‘Memoir’ is far too thin a term to contain Hilary Masters’s
Last Stands. It is a journey: from 1880 to the present, from Custer to Mencken, from Kansas City to Arlington National Cemetery. Hilary Masters, a gifted and seasoned novelist, has composed an unforgettable portrait of his family, a patchwork quilt cut from memory and stitched with his own understanding.
*****
"A book that is small, whole and thoroughly satisfying. Brings the dead to life by ventriloquism and mimicry. Recollections as fixed and poignant as family photographs."
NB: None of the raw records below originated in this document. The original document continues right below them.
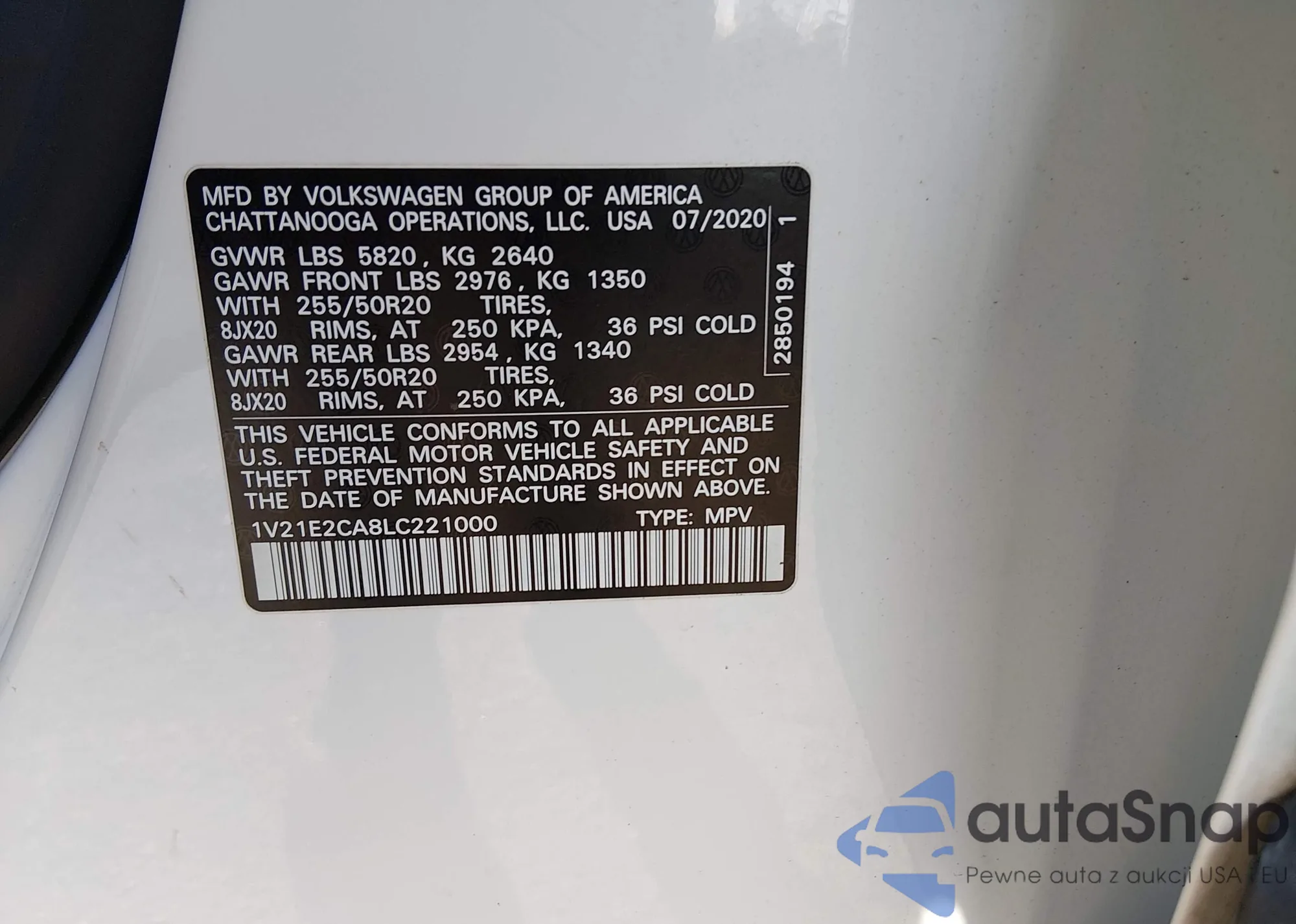• VIN 1V21E2CA8LC221000
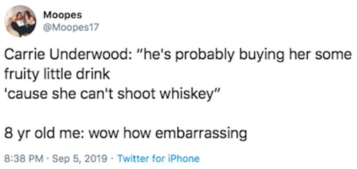 I never got why she cared what that other woman drank. That woman isn’t her enemy. What if she’s just having cranberry juice because she’s a recovering alcoholic? What if she loves shooting whiskey but is having the fruity drink so that she doesn’t go destroying other people’s property again? Leave that woman out of it, you don’t know her life and she doesn’t know you exist. Have your whiskey and take it out on that cheating fuck.
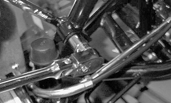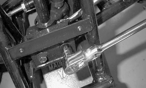 3.Remove the upper shock mounting nut and cap screw; then remove the shock absorber from the frame.
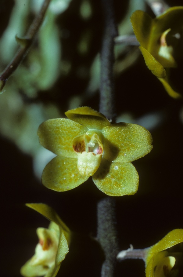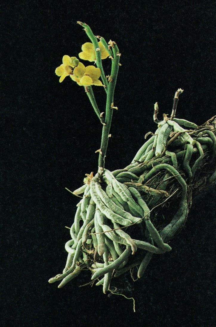 Found in Thailand and Vietnam in humid, mossy, mixed and coniferous forests on mossy branches of old, dwarf, gnarled trees at low to moderate elevations and has grey green roots that bloom with an erect, fleshy, 3 1/4 to 4" [8 to 10 cm] long, branched, few flowered inflorescence occuring in the spring.
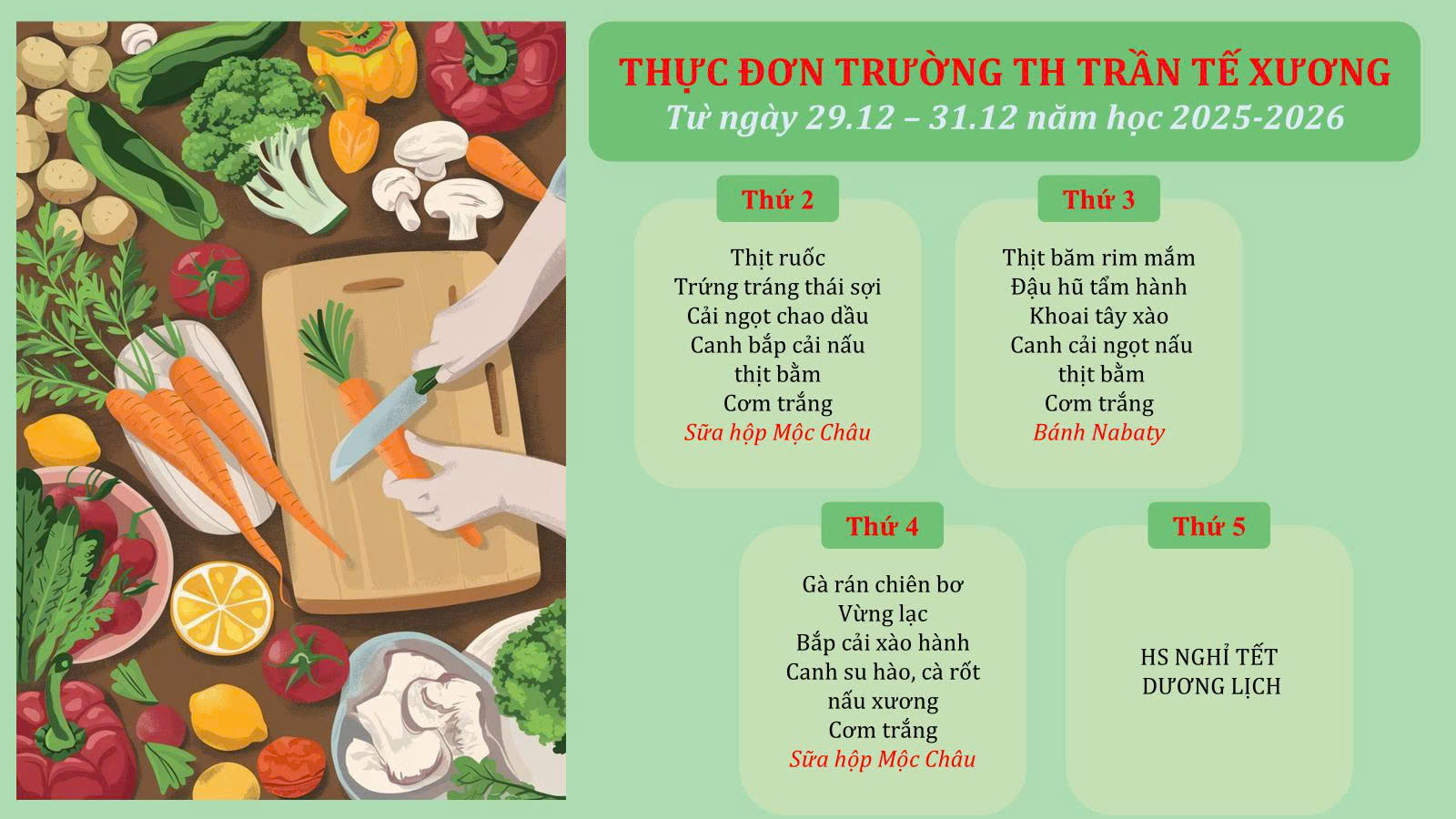 Thực đơn trường TH Trần Tế Xương từ ngày 29/12/2025-31/12/2025
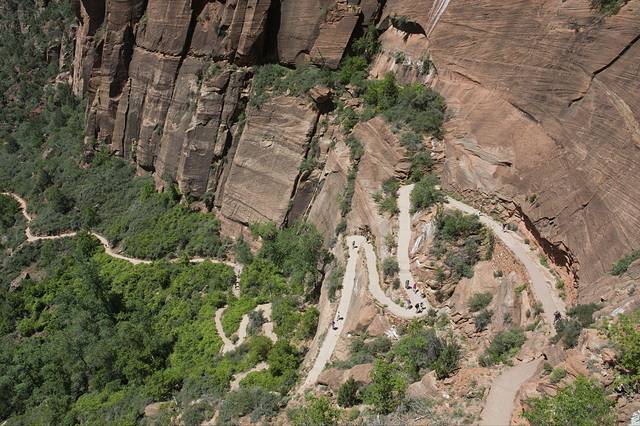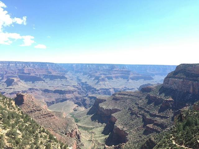 Bright Angel Trail:全长19公里,可以一直走到谷底,是一条非常经典的户外徒步路线,景色非常壮丽,但是此段道路十分陡峭,难度较大,来回需要8-12小时,如果要过夜需要获得露营许可。走到14公里处的Indian Garden,往返需要6-9个小时。此线路设有5个休息点,提供饮水和厕所。

--Donald Hall, New York Times Book Review
Last Stands is a wonderful evocation of the American myth and dream, a deeply moving story literally touching, as only the true summoned memory can, all our history from Andrew Jackson until here and now. The principal figures--especially the poet, Edgar Lee Masters, and Tom Coyne, unreconstructed caverlyman and adventurer--are so deftly realized as to become part and parcel of our own memories. Funny and yet very sad. at once lyrical and legendary,
Last Stands is a rare work which offers up a wise understanding of ourselves and of the American story through the lives of a crew of unforgettble characters.
--George Garrett
In
Last Stands Hilary Masters craftily lures and charms us with a seamless interleaving of the past--as we do it everyday--with the shifting contexts of the present, civilized and amusing, poignant and life-enhancing, a beguiling and memorable achievment.